Сехун хлопает передней дверью и выходит на улицу, а водитель так и остаётся сидеть в машине, крепче сжимая руль и подпевая незатейливую мелодию под нос. Омега рвано выдыхает и смотрит на свои пальцы, мелко дрожащие от волнения и чрезмерного переживания. У него горит внутри нахально закинуть свои ноги в ботинках на огромный стол, но одно представление того, насколько суровым отец Пака может быть возвращает его обратно на землю.
Пускай он до этого представлял свои будущие действия в самых ярких красках, суровая реальность и угнетающий вид особняка разрушили все планы вмиг.
— Выходи.
Дверь открывается, и О подаёт руку, стараясь выдавить из себя дружелюбную улыбку. Только получается плохо и грозно, так, будто он хочет всего лишь этой улыбкой раскромсать его на части. Чанёль отбрасывает сигарету, туша её мыском ботинка, и, в последний раз выдыхая едкий дым, быстро окидывает вылезшего из салона омегу взглядом. Внутри всё язвит от того, что тот дьявольски красивый и стал в разы краше после всех процедур.
От мыслей его бросает в холодный пот, потому что даже думать в таком ключе о Бэкхёне — это полный провал. Тем более, что тот не блещет каким-то аристократизмом и хорошими манерами. Он противоположен этому. Словно маленькая неугомонная фурия ненависти к альфам, то и дело поддевающая несчастного Сехуна, который едва сдерживает себя от рукоприкладства. А значит, что отец вряд ли одобрит его в качестве настоящего партнёра.
«Настоящего партнёра? Чанёль, ты сошёл с ума», — вертит головой альфа, пугаясь до намокших ладоней.
— Воняет, — брезгливо морщит нос Бён, выпрямляясь и одёргивая пиджак, идеально сидящий по его фигуре. Он намекает на аромат табака, а может, и на природный запах альфы, от которого его до сих пор слегка мутит временами.
— Так ты рот закрой и перестанет, — тот галантно подаёт локоть, явно замечая пристальный взгляд родителей из окна, ждущий, когда эти двое зайдут внутрь. — Держись и улыбайся, понял? — Бэкхён неуверенно смотрит на него пару раз сверху-вниз и всё же кладёт руку на его предплечье. Они медленно идут ко входу. — Не вставляй лишнего слова, не пытайся перечить и вести себя как последний идиот на свете. Отец не любит нахальства, и вместо свободы ты можешь увидеть пулю в своей голове, ясно?
Бён сглатывает и недовольно поджимает губы, чуть закатывая глаза. Как же это откровенно достаёт. Делай то, а это не делай, веди себя так, а не иначе. «Ещё чего», — фыркает у себя в голове омега, не решаясь сказать это вслух. Отчего-то слова застревают в горле.
Три стука молоточком по двери, и та со скрипом открывается, будто врата в самый настоящий ад.
Милая девушка кланяется, как и паренек возле неё, приветствуя Чанёля, а после уже и Бэкхёна, с неприязнью смотрящего на них. Два шага внутрь, и ловушка захлопывается, отрезая Бёну пути назад. Окончательно и бесповоротно. Он идёт следом за альфой, не забывая мельком оглядывать высокие стены с висящими на них довольно ужасающими картинами. Судя во всему у отца Чанёля странные и отвратительные вкусы.
Хотя кто бы сомневался.
На одной на чёрном фоне нарисовано страшное лицо белой краской, размазанной в хаотичном порядке. Пустые глазницы и раскрытый в ужасе рот, а также руки из костей, словно тянущиеся к зрителю этой картины. Бэкхёна знатно передёргивает, и он семенит быстрее, стараясь больше не засматриваться на эти полотна, вызывающие ещё больший страх и ужас.

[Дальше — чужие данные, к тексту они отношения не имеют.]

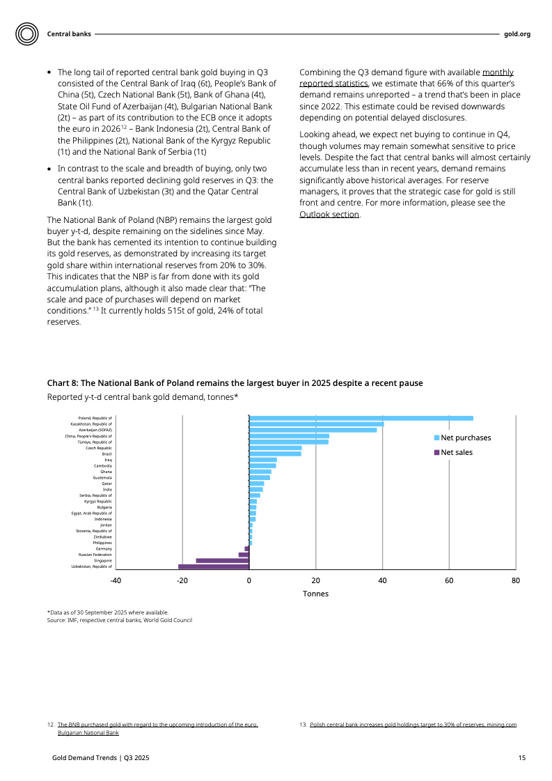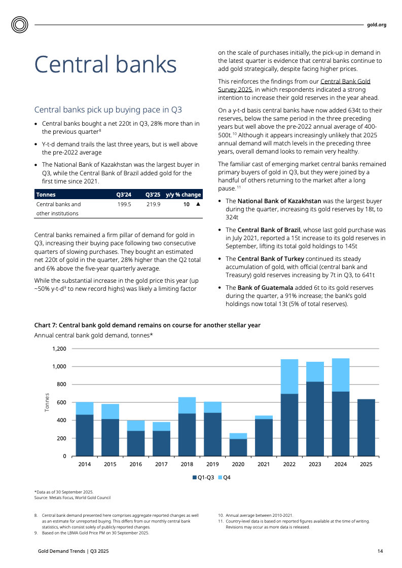 央行需求持续稳健。第三季度各国央行净购金220吨,哈萨克斯坦(+18吨)、巴西(+15吨)与土耳其、波兰等新兴经济体引领增持潮。年内累计央行购金634吨,虽低于去年同期724吨,但仍远高于2010-2021年间400-500吨的平均水平。超过三分之二的新增购金未公开报告,反映出全球央行“去美元化”和储备多元化趋势仍在深化。多国央行调查显示,近六成受访者计划在未来一年增加黄金储备。
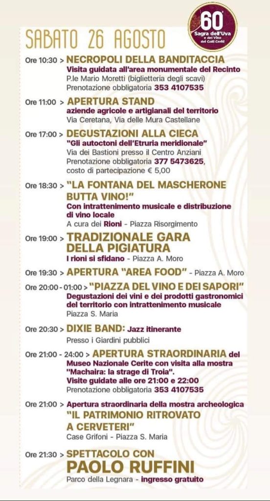 Proseguono con successo le serate della sagra dell’uva e del vino di Cerveteri. Questa sera, Sabato 26 agosto, da non perdere la celebre ” fontana del mascherone butta vino”, l’apertura della mostra archeologica “il patrrimonio ritrovato a Cerveteri” e, infine, lo spettacolo con Paolo Ruffini alle 21:30.
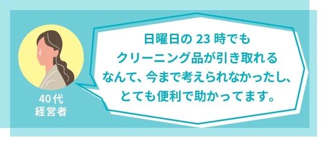 ボックスから受け取り所定の仕上がり日以降に来店して、ボックスから衣類を受け取り!受け取りもバーコードをかざすだけ!

Чего стоят вазы с сухими цветами на постаментах, обвитые колючей проволокой.
— Улыбайся, — шипит Чанёль, замечая его скривившееся в панике лицо и сильную хватку на своём предплечье.
— Как улыбаться, если твой отец — больной? Видимо, тебе передался его долбоебизм. Слава всему, что до картин не дошло, — шипит омега, в конце речи чуть повышая голос.
Альфа дёргает рукой омегу на себя, показывая свою злость по отношению к таким словам не только о себе, но и о родном человеке. Бэкхён лишь громко цокает и толкает в ответ, подставляя подножку, о которую Пак запинается и чертыхается, чем веселит омегу, что у того на лице ужасно довольная собой ухмылка в виде приподнятого уголка губ. Однако стоит им войти в зал, как это выражение лица меркнет, вновь сменяя его волнением.
Широкий длинный стол, накрытый белоснежной скатертью. Идеально в ряд выставленные ярко-красные тарелки с приборами рядом из чёрного серебра, а также высокими бокалами на тонких ножках, извитых словно змея. Пахнет запечённой курицей, но в горле омеги встаёт ком от белоснежного и едва живого лица взрослого альфы, восседающего во главе стола и устремившего свой взгляд на остолбеневшую на входе парочку.
Он сканирует долго, что в комнате воцаряется абсолютная и давящая на уши тишина. Казалось, что даже Чанёль рядом не дышит: он затаил дыхание, его лицо бесстрастно, а спина ровная до невозможности, будто по стойке смирно. Бэкхён бы уже давно сбежал от такого отца, даже если он родной вроде как человек. С ним находиться целую минуту страшно до мурашек и сводящих пальцев, а тут всю жизнь.
— Здравствуй.
Чанёль кланяется, подгадав правильный момент, и Бэкхён удивлённо смотрит на него, не склоняясь ни на градус. Альфа тянет его за руку, пытаясь заставить двигаться в почтительном жесте, но тот стоит как вкопанный, разглядывая его отца снова, сталкиваясь с его недовольным взглядом.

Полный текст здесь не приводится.